![Item #409836 Autograph note signed ("C. Bronte"), “Saturday,” to “N." [Ellen Nussey], [18 June 1853]. Charlotte BRONTË.](https://riverrunbooks.cdn.bibliopolis.com/pictures/409836.jpg?width=768&height=1000&fit=bounds&auto=webp&v=1694112948)
Autograph note signed ("C. Bronte"), “Saturday,” to “N." [Ellen Nussey], [18 June 1853]
One page, oblong, 80 x 95mm. Tipped at corners on the verso of the frontispiece in Charlotte Brontë, Shirley, London: Smith, Elder and Co, 1872. Trimmed closely, visible horizontal fold near top, but generally fine. Item #409836
Apparently a lost letter from Charlotte Brontë to her close friend Ellen Nussey. Reading:
"Saturday.
N. [Brönte often addressed notes to Nussey with her sobriquet "Nell"]
The enclosed is from Amelia [Taylor, neé Ringrose, their mutual friend] to you. I have not read it of course though it was sent open.
As I expected – Mrs. Gaskell cannot now come till Autumn – So I shall expect you next Thursday. Write by return (it takes 2 post from Oundle to Haworth) to tell me by what train you will arrive at Keighly. C Brontë."

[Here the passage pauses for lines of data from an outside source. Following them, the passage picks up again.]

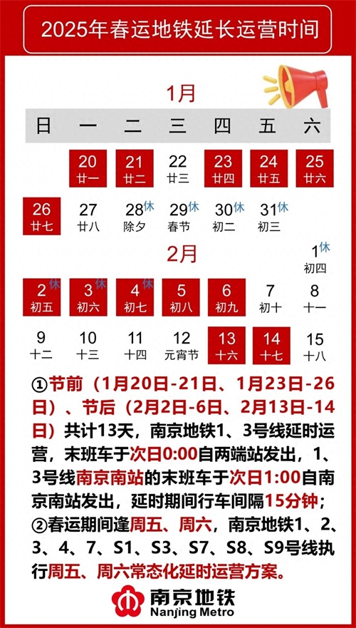 为做好南京站、南京南站主要铁路枢纽的客流衔接,节前(1月20日-21日、1月23日-26日)、节后(2月2日-6日、2月13日-14日)共计13天组织地铁1、3号线延时运营,末班车于次日0:00自两端站发出,1、3号线南京南站的末班车于次日1:00自南京南站发出,延时期间行车间隔15分钟;另为方便乘客的晚间出行,春运期间逢周五、周六,南京地铁1、2、3、4、7、S1、S3、S7、S8、S9号线执行周五、周六常态化延时运营方案。
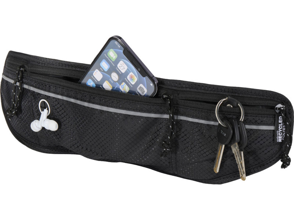 Сумка на пояс Доман изготовлена из переработанной ткани рипстоп, сертифицированной согласно GRS, имеет водоотталкивающую отделку, подкладку из материала RPET, сертифицированного согласно GRS, и светоотражающие элементы. Это компактное и легкое решение для бега, пешего туризма и других видов активного отдыха. Сумка на пояс имеет три кармана на молнии, в которых можно хранить организованно и раздельно телефон, наушники, ключи и другие предметы. Светоотражающие детали улучшают видимость при использовании рано утром или вечером. Спинка выполнена из легкой влагоотводящей сетки, которая улучшает циркуляцию воздуха и уменьшает потоотделение. Регулируемый эластичный пояс обеспечивает надежную и удобную посадку во время движения.
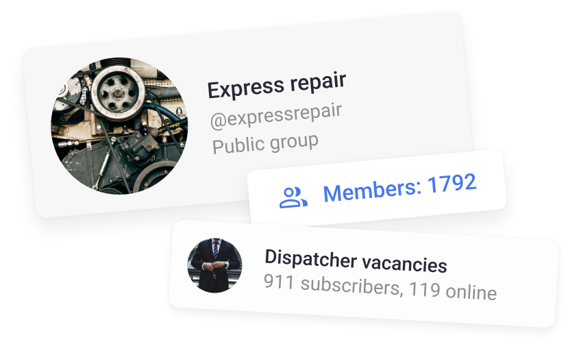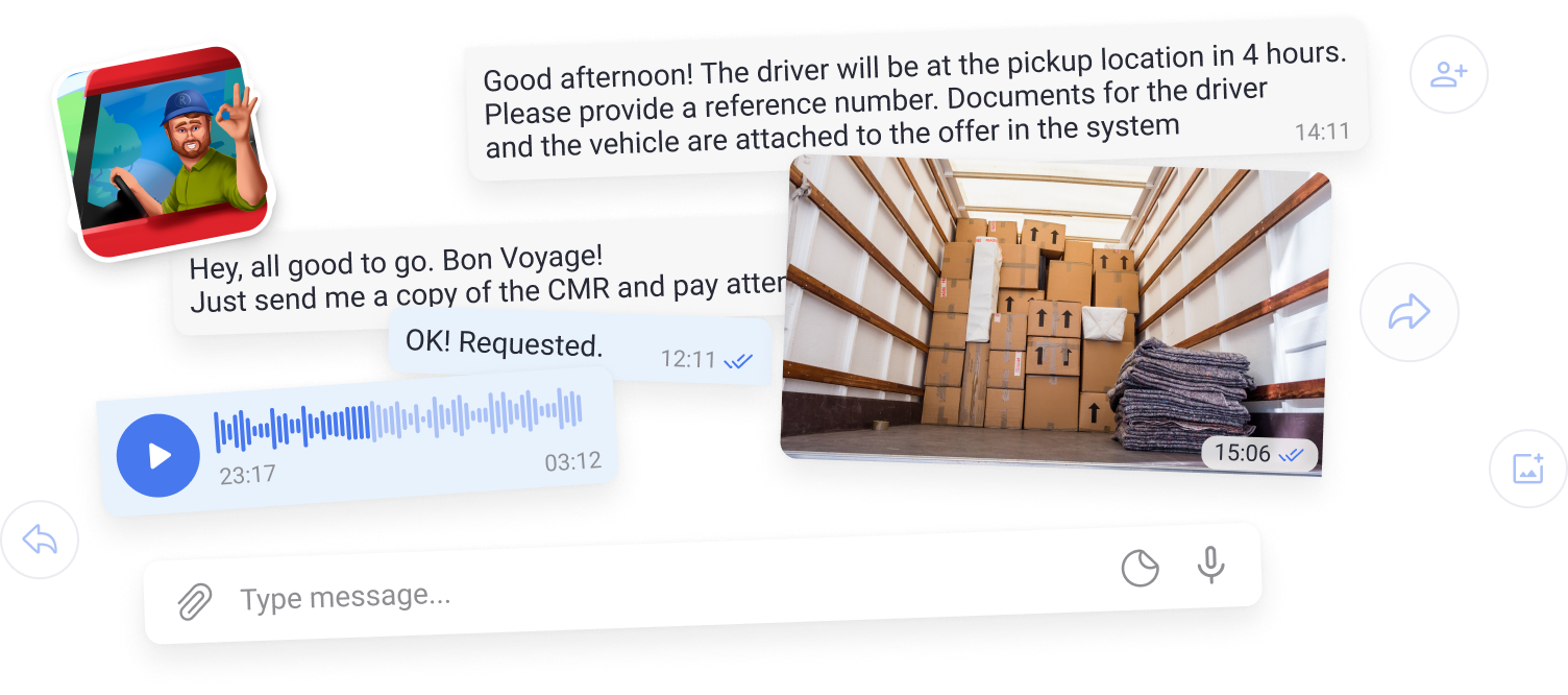 Twórz czaty grupowe i dołączaj do nich, aby wspólnie omawiać zadania. Współpracę można znaleźć zarówno w grupach, jak i w całych społecznościach specjalistów ds. logistyki.
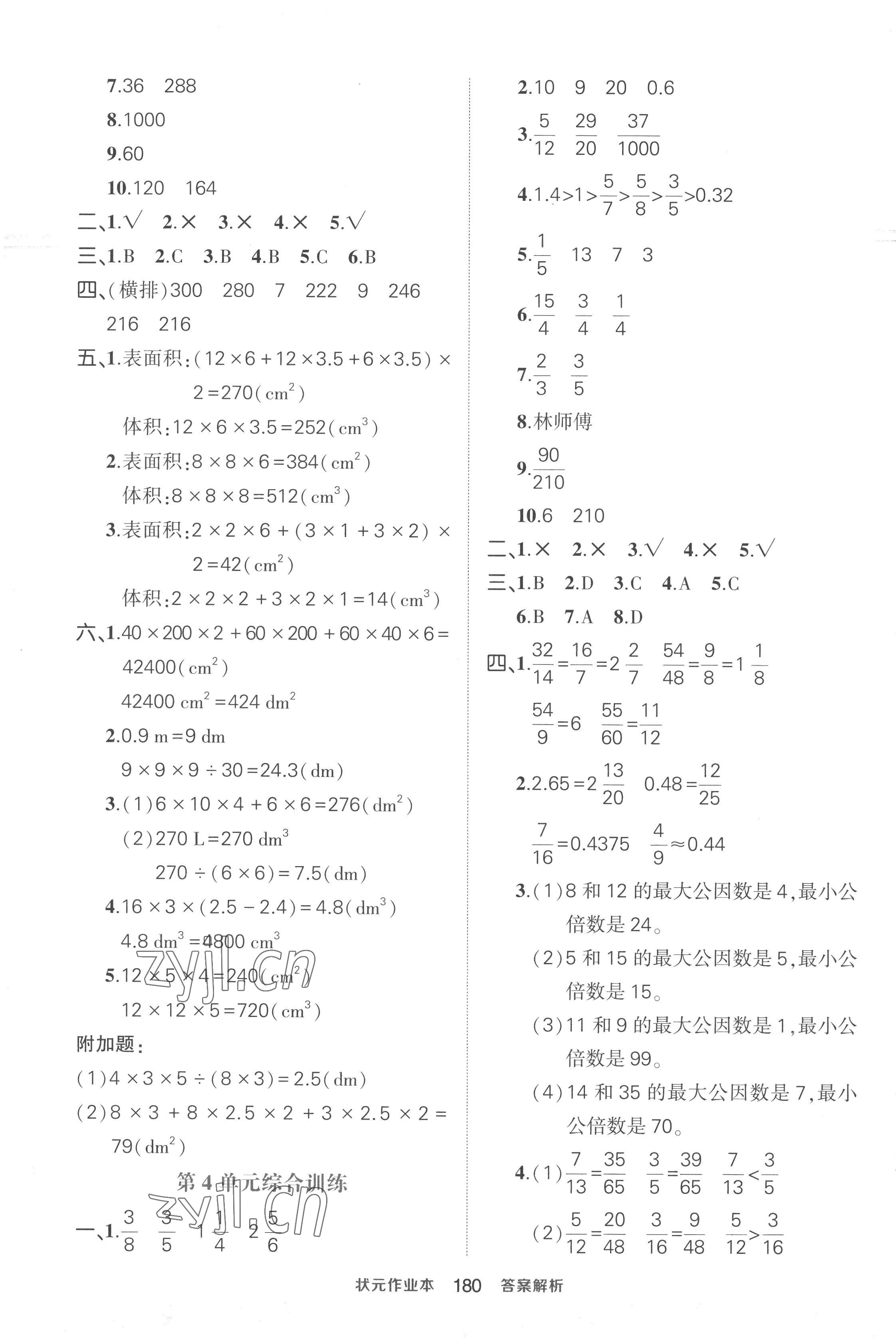 2023年黄冈状元成才路状元作业本五年级数学下册人教版贵州专版
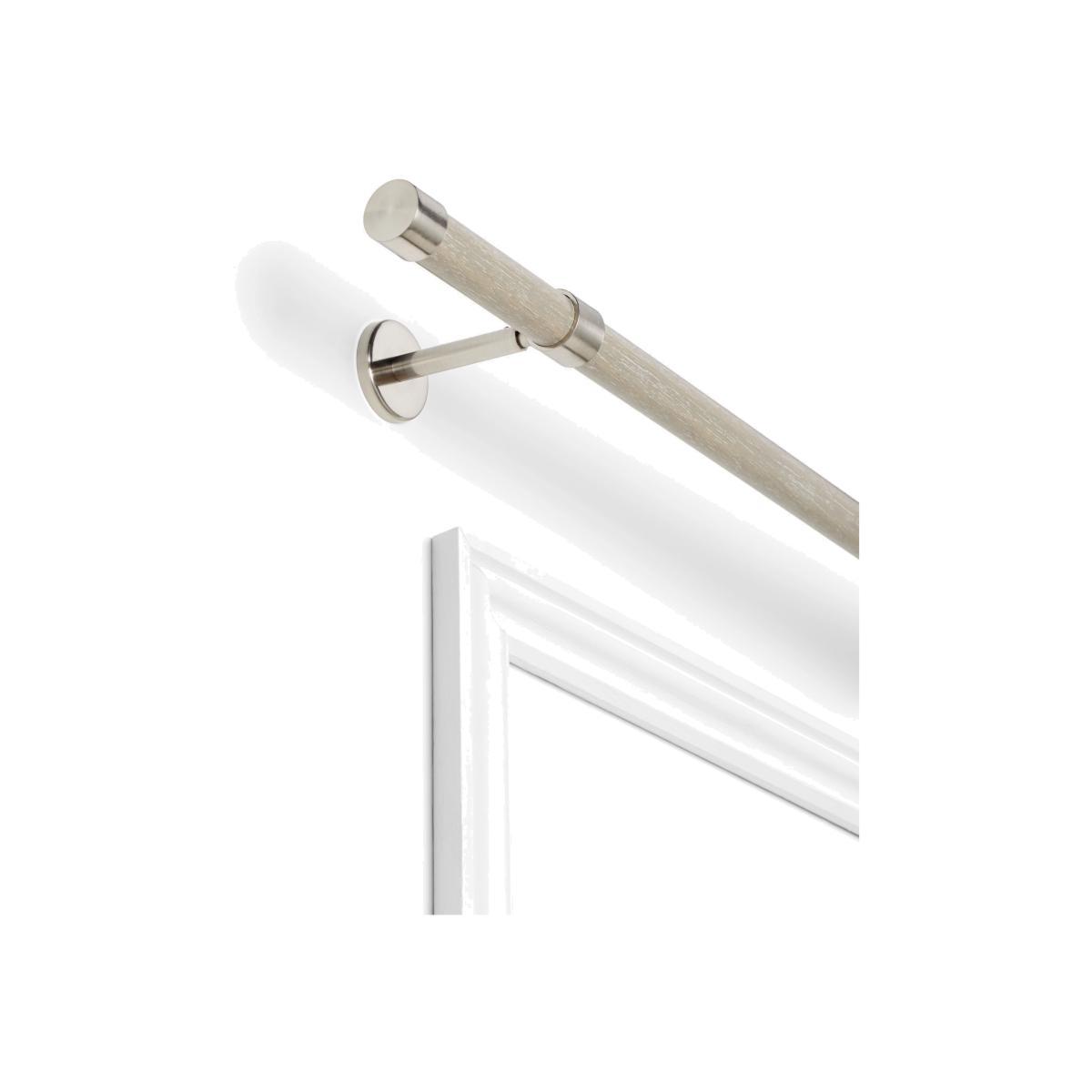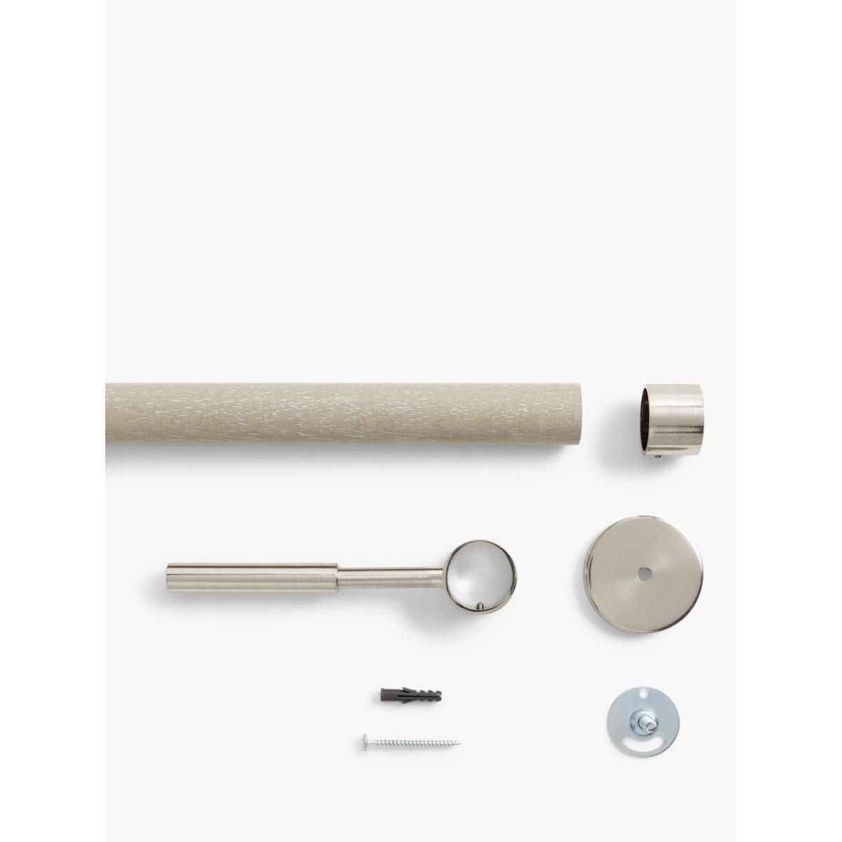 A wooden curtain pole kit with contrasting metal fittings. The walnut pole has brass effect fittings whilst the lighter washed wood pole has brushed chrome effect fittings. This kit contains all the accessories and fittings you'll need to fit your pole, so all that's left is to choose your curtains. Comprehensive instructions offer a step-by-step guide, whether you're using the pole as it comes or cutting it to size. Pack includes: L150cm L300cm Curtain pole 1 2 plus a connector Base plates 2 3 Bracket-stems 2 3 Bracket-arms 2 3 Finials 2 2 Other Screws Wall plugs Screws Wall plugs Double-ended joining screw As this pole is designed for use with eyelet curtains the kit doesn't contain curtain rings. If you'd like to use pencil pleat curtains you'll need to purchase rings and hooks separately.

A fragmentary transcription of this note is found in Brontë’s Letters (ed. Margaret Smith, vol. 3, Oxford University Press, 2004), with the original manuscript source annotated as untraced. The date was derived from a letter Brontë sent to Nussey two days later, on 20 June 1853, in which she complains that this note was not sent: "I have been very much vexed to find that Martha [Brown, the Brontë’s servant] forgot to post my letter of Saturday 18th till too late – consequently we have no post on Sunday, it will not go till to-day and you cannot receive it till Tuesday at the earliest – not till Wednesday – if I am right about the 2 posts to Oundle..." She goes on at greater length to discuss Nussey’s visit to Haworth and her health in this letter (Brontë Parsonage Museum, Brontë Society, MS 90). Wise & Symington, The Brontës: Their Lives, Friendships and Correspondence 855 referenced this June 20th letter, as well as the present note. Their original source was likely from a copy, like those in Ellen Nussey’s copies of letters from Charlotte Brontë that were bought by Mrs. Needham of Blackburn in 1898 and are now in the Brontë Parsonage Museum.
Ellen Nussey (1817-1897) was a lifelong friend and correspondent of Charlotte Brontë. The more than 500 letters Nussey received from the author formed the basis of Elizabeth Gaskell's 1857 biography. Nussey was one of two witnesses present at Charlotte’s marriage to Arthur Bell Nicholls in June 1854, and when Charlotte died less than a year later Nicholls was concerned that their correspondence would damage Charlotte’s reputation and he asked that the letters be destroyed. Nussey refused and sought to have them published, but Nicholls, holding the copyright, blocked their release. According to auction records, some 23 letters by Brontë to Nussey have been sold since 1980 (along with the tranche of 30 letters sold at the Christie's 25 March 1980 benefit sale for the Grolier Club), though they are of increasing scarcity in the market: none are recorded at auction since 2017, the last being only an envelope addressed in Charlotte's hand.